__TASK DATA__.
──────────────────────────────
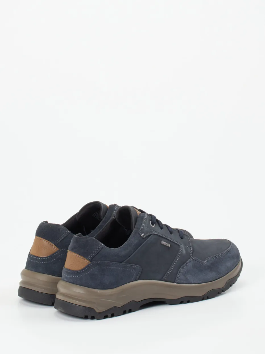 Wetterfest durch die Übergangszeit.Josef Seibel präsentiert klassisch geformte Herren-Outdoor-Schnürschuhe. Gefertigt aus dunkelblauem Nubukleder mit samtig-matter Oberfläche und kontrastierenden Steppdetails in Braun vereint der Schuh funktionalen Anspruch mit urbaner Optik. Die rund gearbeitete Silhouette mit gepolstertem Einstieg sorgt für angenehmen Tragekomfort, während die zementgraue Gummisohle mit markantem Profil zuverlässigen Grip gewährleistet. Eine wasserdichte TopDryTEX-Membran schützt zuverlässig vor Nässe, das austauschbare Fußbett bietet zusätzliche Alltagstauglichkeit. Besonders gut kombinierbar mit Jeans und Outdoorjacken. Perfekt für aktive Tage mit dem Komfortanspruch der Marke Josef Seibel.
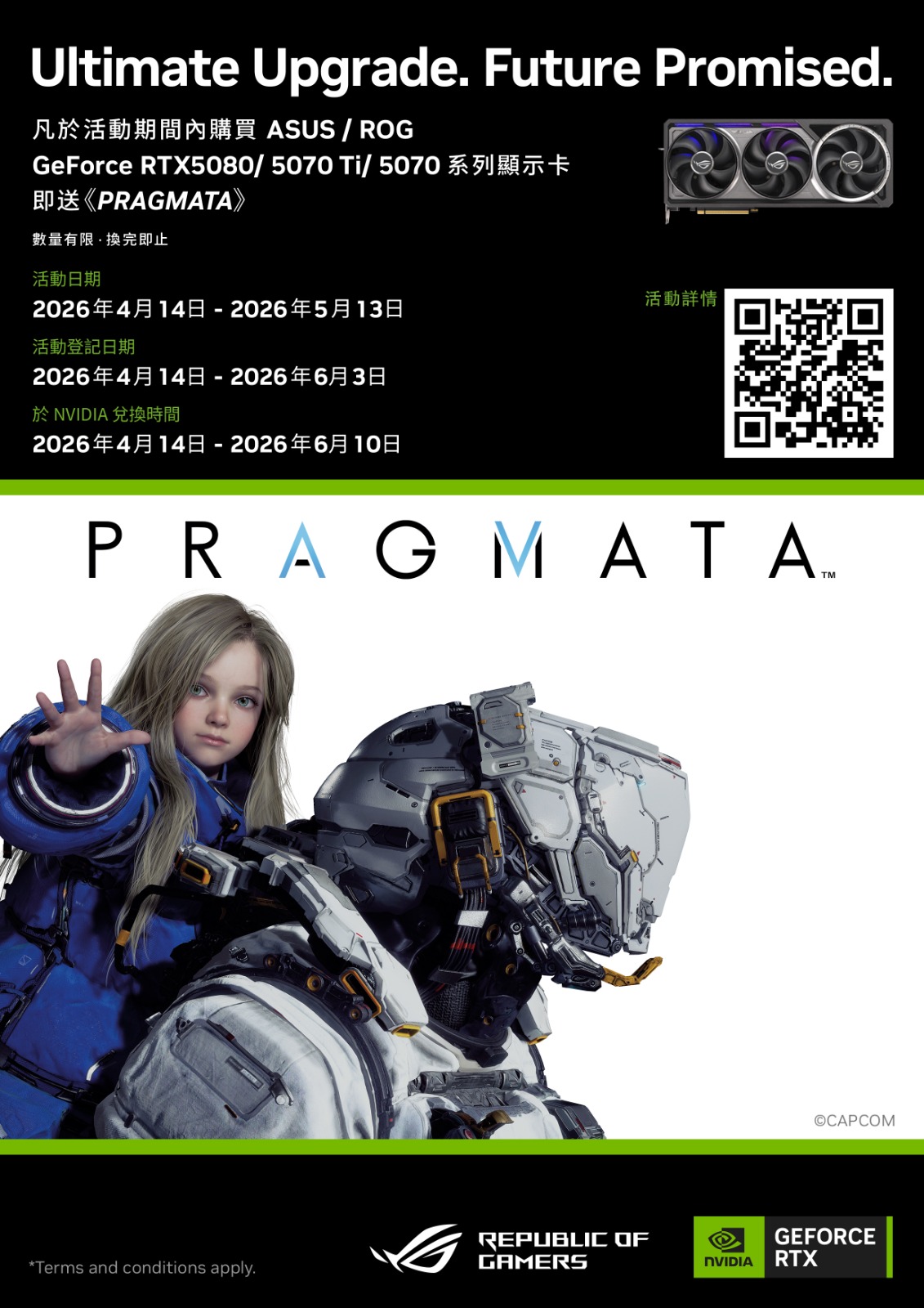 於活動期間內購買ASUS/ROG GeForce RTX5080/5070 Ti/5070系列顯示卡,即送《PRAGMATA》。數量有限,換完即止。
──────────────────────────────
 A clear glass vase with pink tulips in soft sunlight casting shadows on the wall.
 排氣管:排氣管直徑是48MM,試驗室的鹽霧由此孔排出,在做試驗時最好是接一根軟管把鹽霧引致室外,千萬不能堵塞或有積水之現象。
──────────────────────────────
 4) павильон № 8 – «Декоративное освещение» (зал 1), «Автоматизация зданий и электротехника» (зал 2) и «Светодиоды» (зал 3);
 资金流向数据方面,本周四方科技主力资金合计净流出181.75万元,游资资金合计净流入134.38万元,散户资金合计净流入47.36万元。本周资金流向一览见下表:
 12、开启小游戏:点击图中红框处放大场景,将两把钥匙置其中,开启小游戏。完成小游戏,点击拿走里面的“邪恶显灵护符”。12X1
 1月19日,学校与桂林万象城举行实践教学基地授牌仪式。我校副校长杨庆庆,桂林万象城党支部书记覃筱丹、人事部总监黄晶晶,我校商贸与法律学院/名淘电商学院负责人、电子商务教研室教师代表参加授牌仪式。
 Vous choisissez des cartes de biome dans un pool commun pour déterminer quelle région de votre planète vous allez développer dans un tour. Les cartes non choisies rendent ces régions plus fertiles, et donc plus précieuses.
──────────────────────────────
__DIRECTIONS__.
The lines above, starting at the one with "12、开启小游戏:点击图中红" and ending at the one with "Vous choisissez des", are the only ones to return, exactly as written.

__PROBLEM SOLUTION__.
 12、开启小游戏:点击图中红框处放大场景,将两把钥匙置其中,开启小游戏。完成小游戏,点击拿走里面的“邪恶显灵护符”。12X1
 1月19日,学校与桂林万象城举行实践教学基地授牌仪式。我校副校长杨庆庆,桂林万象城党支部书记覃筱丹、人事部总监黄晶晶,我校商贸与法律学院/名淘电商学院负责人、电子商务教研室教师代表参加授牌仪式。
 Vous choisissez des cartes de biome dans un pool commun pour déterminer quelle région de votre planète vous allez développer dans un tour. Les cartes non choisies rendent ces régions plus fertiles, et donc plus précieuses.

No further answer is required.